Lower mortgage rates gave the housing market a boost in February with supply and sales all moving higher, Zoopla claims.
The portal’s latest House Price Index shows sales agreed were up 15% annually in February while stock for sale has risen by 21%.
Zoopla said this was down to falling mortgage rates boosting buyer purchasing power.
Sales momentum has been recovering for five months, prompting the property website to predict that the market is on track for 10% more sales in 2024 than last year at 1.1m.
But it cautioned that asking price reductions, while lower than last year, remain above average, as buyers remain cost sensitive.
Asking price reductions of 5% or more are greatest in the South East and East of England, Zoopla said.
The average estate agent is agreeing 6 new sales a month up from 5.2 this time last year.
That is feeding into prices, Zoopla said, with average values down 0.5% annually to £263,600.
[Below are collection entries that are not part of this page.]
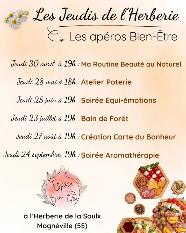 Les professionnels de l’Espace bien-être vous proposent des soirées bien-être à l’Herberie ou en pleine nature une fois par mois. Ces moments pour soi où le temps est suspendu, et où on vous emmène en voyage intérieur se terminent par un apéritif local et de saison… Pourquoi ne pas se faire plaisir ?
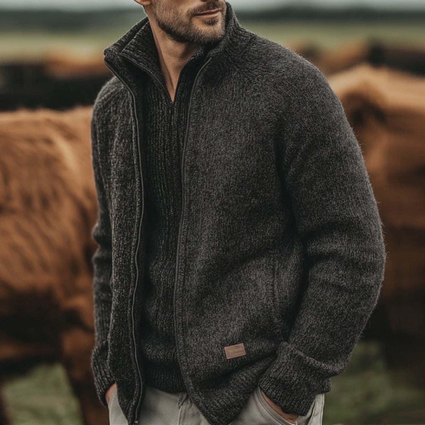 This Men's Vintage Casual Ranch Knit Stand Collar Zipper Cardigan Jacket is versatile enough for both casual and slightly formal settings. Its vintage charm combined with practical design elements makes it a must-have addition for those seeking a distinctive and elegant style. Experience comfort and sophistication with this standout piece.
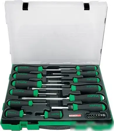 На набор отверток Toptul GZC2005 входят 20 предметов, включая стандартные отвертки, отвертку под биты с размером 1/4", и 7 сменных бит Hex различных размеров (от 2 до 8 мм). Этот набор подходит для различных задач, благодаря разнообразию размеров и типов инструментов. Отвертки хорошо подходят для работы с разными крепежами, а биты легко меняются на стандартной площадке. Все предметы выполнены из прочных материалов, что обеспечивает долговечность и надежность при использовании. Используйте набор для сборки и ремонта бытовой техники, автомобиля или электроники. Биты позволяют быстро адаптироваться под разные задачи благодаря множеству размеров. Компактный и удобный для хранения, его легко взять с собой в работу или на выезд. Такой набор поможет справляться с разными задачами, не нуждаясь в дополнительных инструментах. Удобная комплектация гарантирует, что у вас всегда будет подходящий инструмент под руку.

It suggests that a “three-speed” housing market has emerged, with the Eastern, South East and South West regions, outside London, registering the largest annual falls, London remaining most expensive and the rest of the UK seeing limited declines.
Richard Donnell, executive director at Zoopla, said: “The housing market has proved very resilient to higher mortgage rates and cost of living pressures. More sales and more sellers shows growing confidence amongst households and evidence that 4-5% mortgage rates are not a barrier to improving market conditions.
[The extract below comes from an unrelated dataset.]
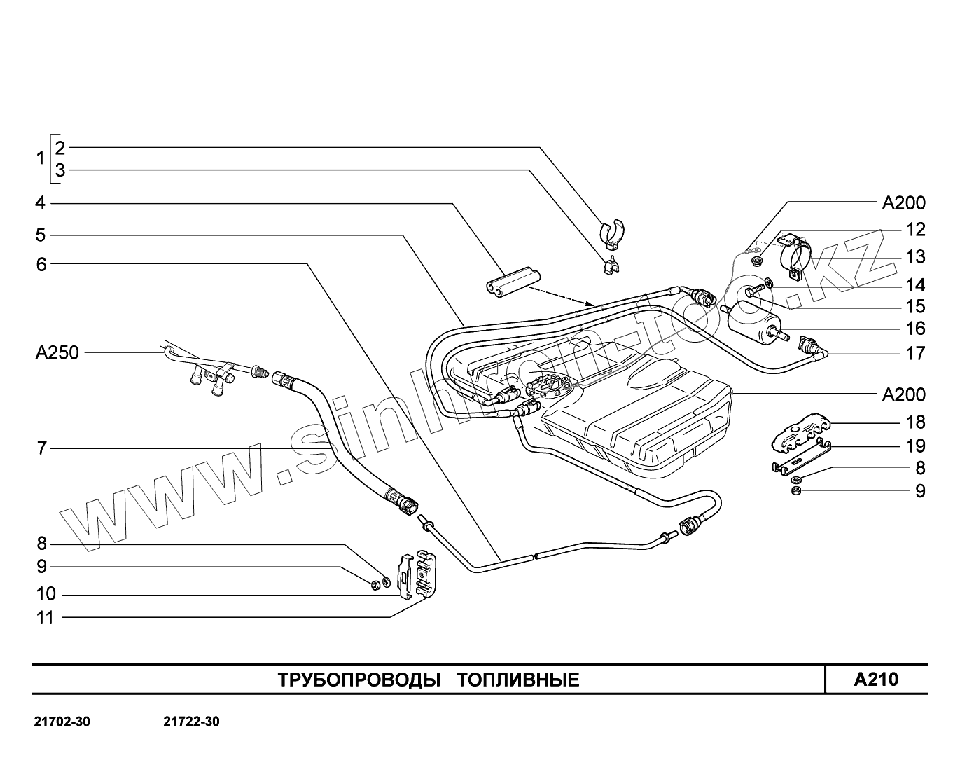 Каталог запасных частей к технике: ВАЗ LADA Priora FL (ВАЗ-2170). A210. Трубопроводы топливные

“The momentum in new sales being agreed has been building for the last 5 months and the sales market is on track for 1.1m sales over 2024 supported by new sellers coming to the market. While sales are set to increase we don’t expect house price growth to accelerate further in 2024.”
Three Tier Market |
Area |
Average Price |
% UK Average |
Price difference to UK |
London |
£534,600 |
103% |
£271,000 |
Southern England |
£344,400 |
31% |
£80,800 |
Rest of UK |
£188,600 |
-28% |
-£75,000 |
UK |
£263,600 |
|
|
It comes as the latest member data from Propertymark suggests buyer registrations rose 120% between December 2023 and January 2024 - albeit boosted by the quieter Christmas period - and new supply was up 79% to eight listings per branch.
But Nathan Emerson, chief executive of the agency trade body, warned: "There remains a mismatch between valuations and market expectations, with most members noting that properties are still selling at below asking price."